━━━━━ GIVEN INFORMATION ━━━━━
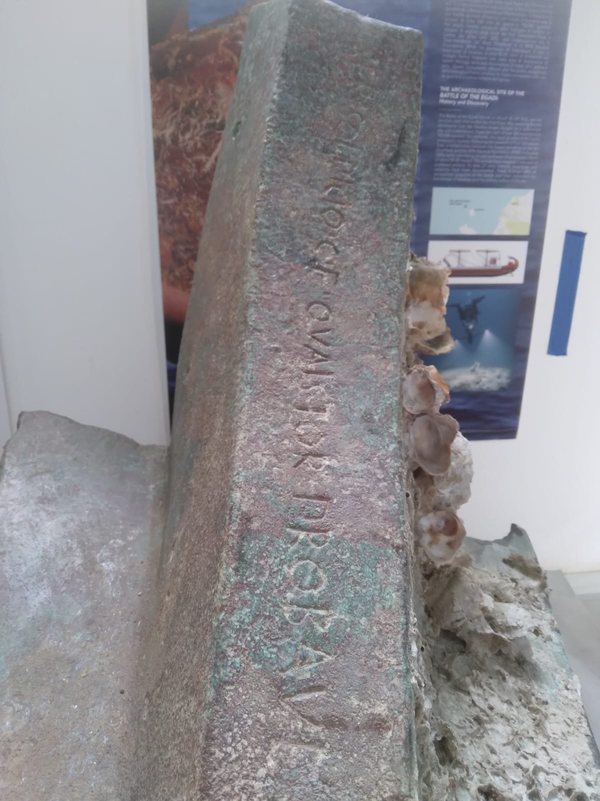 Inoltre, è stato pulito il rostro numero 25 già recuperato in una precedente campagna: è romano e presenta l’iscrizione “Ser.Solpicio C.F. Quaestor Probavi(t)”, probabilmente: “Servio Sulpicio, questore, figlio di Gaio, approvò”, sottinteso il rostro. Il Gaio, di cui il questore nominato era figlio, potrebbe ipoteticamente essere Gaio Sulpicio, console dal 243 a.C. e dunque in piena prima guerra punica.
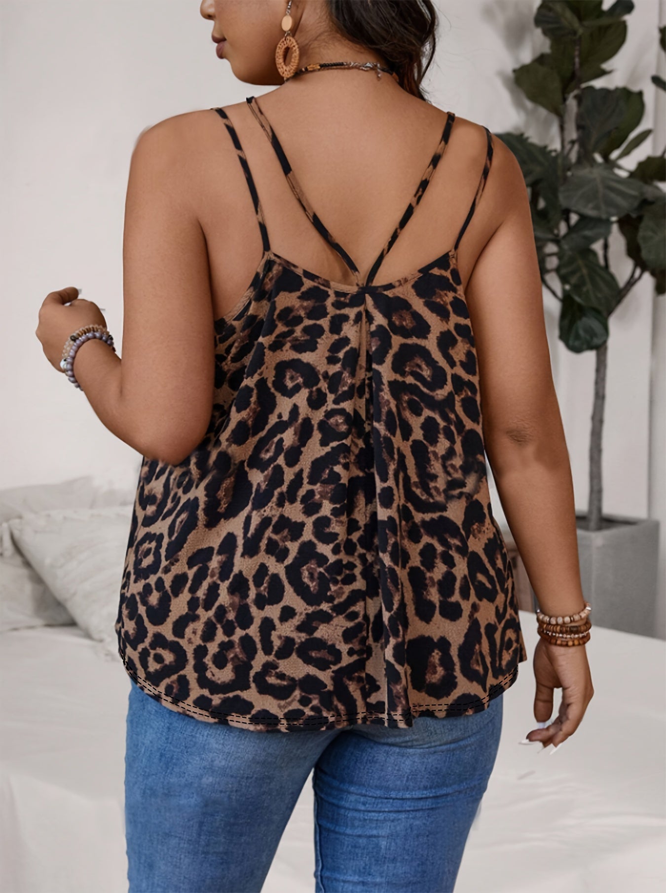 Женская майка без рукавов с леопардовым принтом, V-образный вырез, большой размер, зеленый
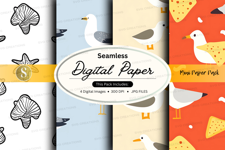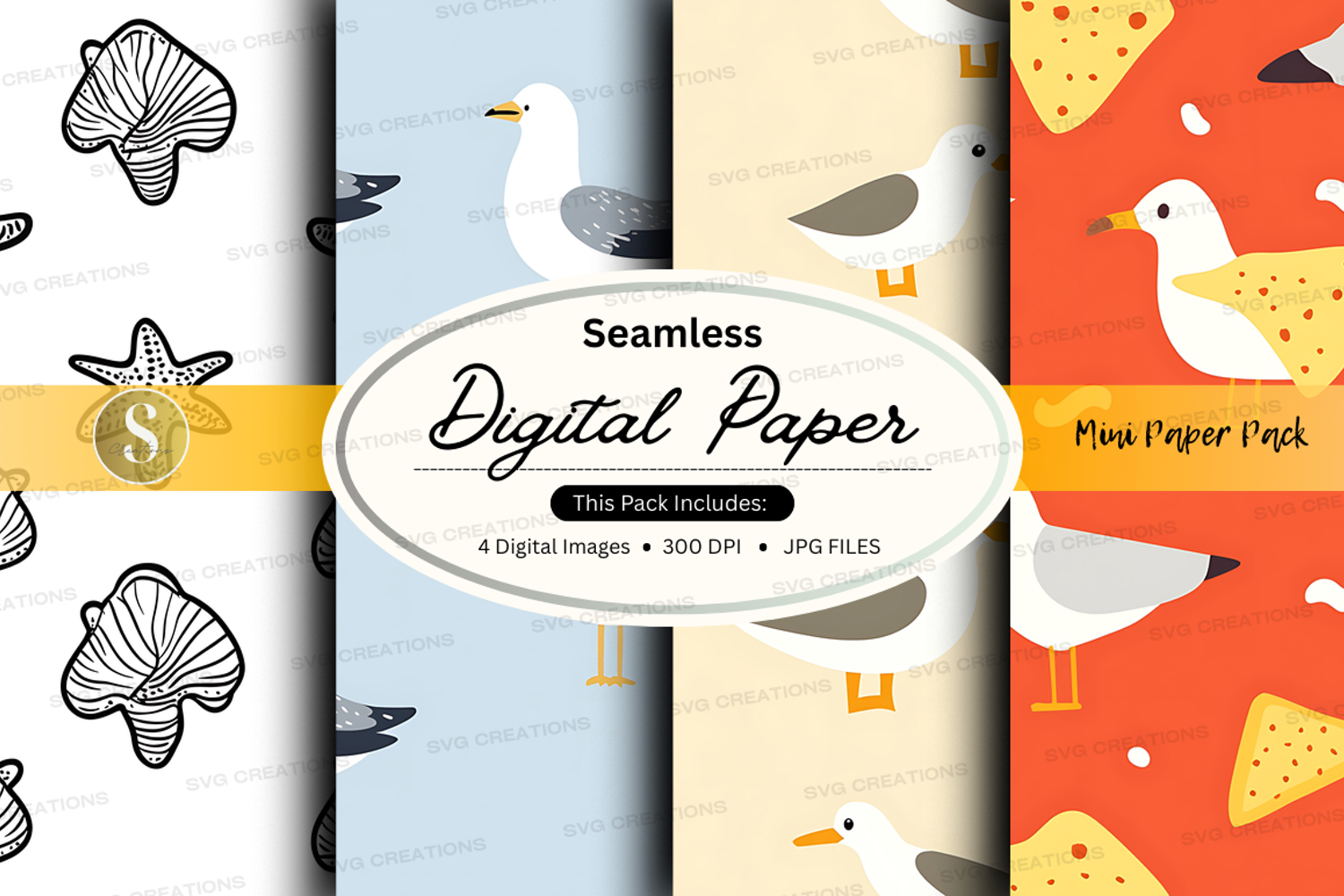 Digital Paper Seamless Patterns High Resolution Digital Images Seashells Seagulls Jpg Files Beach Theme
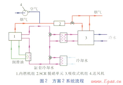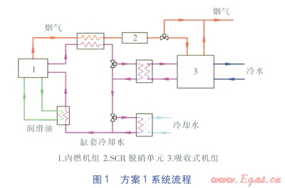 方案1系統(tǒng)流程見圖1。內(nèi)燃機組煙氣經(jīng)煙氣—水換熱器后進(jìn)入SCR脫硝單元,脫硝后進(jìn)入煙氣熱水型溴化鋰吸收式冷水機組(以下簡稱吸收式機組),放熱后與過剩煙氣一同排放。缸套冷卻水分別經(jīng)兩級換熱器降溫后,再吸收潤滑油部分熱量,最終回到內(nèi)燃機組缸套。
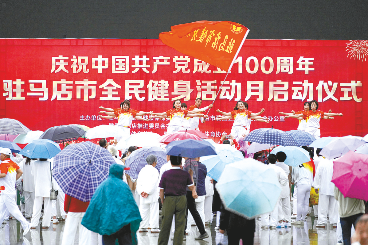 火红的五月中原大地涌动健身潮,火红的五月天中市民参与健身忙。5月15日上午,庆祝中国共产党成立100周年驻马店市全民健身活动月启动仪式举行。市卫生健康体育委员会相关负责人、市爱国卫生运动委员会办公室负责人及市体育总会相关负责人等出席启动仪式。
━━━━━
(REQUIREMENT) Your answer must be an exact copy of the lines from the line with "方案1系統(tǒng)流程見" to the final line of the data, both ends included, and no pictures.

(EXERCISE RESPONSE)
 方案1系統(tǒng)流程見圖1。內(nèi)燃機組煙氣經(jīng)煙氣—水換熱器后進(jìn)入SCR脫硝單元,脫硝后進(jìn)入煙氣熱水型溴化鋰吸收式冷水機組(以下簡稱吸收式機組),放熱后與過剩煙氣一同排放。缸套冷卻水分別經(jīng)兩級換熱器降溫后,再吸收潤滑油部分熱量,最終回到內(nèi)燃機組缸套。
 火红的五月中原大地涌动健身潮,火红的五月天中市民参与健身忙。5月15日上午,庆祝中国共产党成立100周年驻马店市全民健身活动月启动仪式举行。市卫生健康体育委员会相关负责人、市爱国卫生运动委员会办公室负责人及市体育总会相关负责人等出席启动仪式。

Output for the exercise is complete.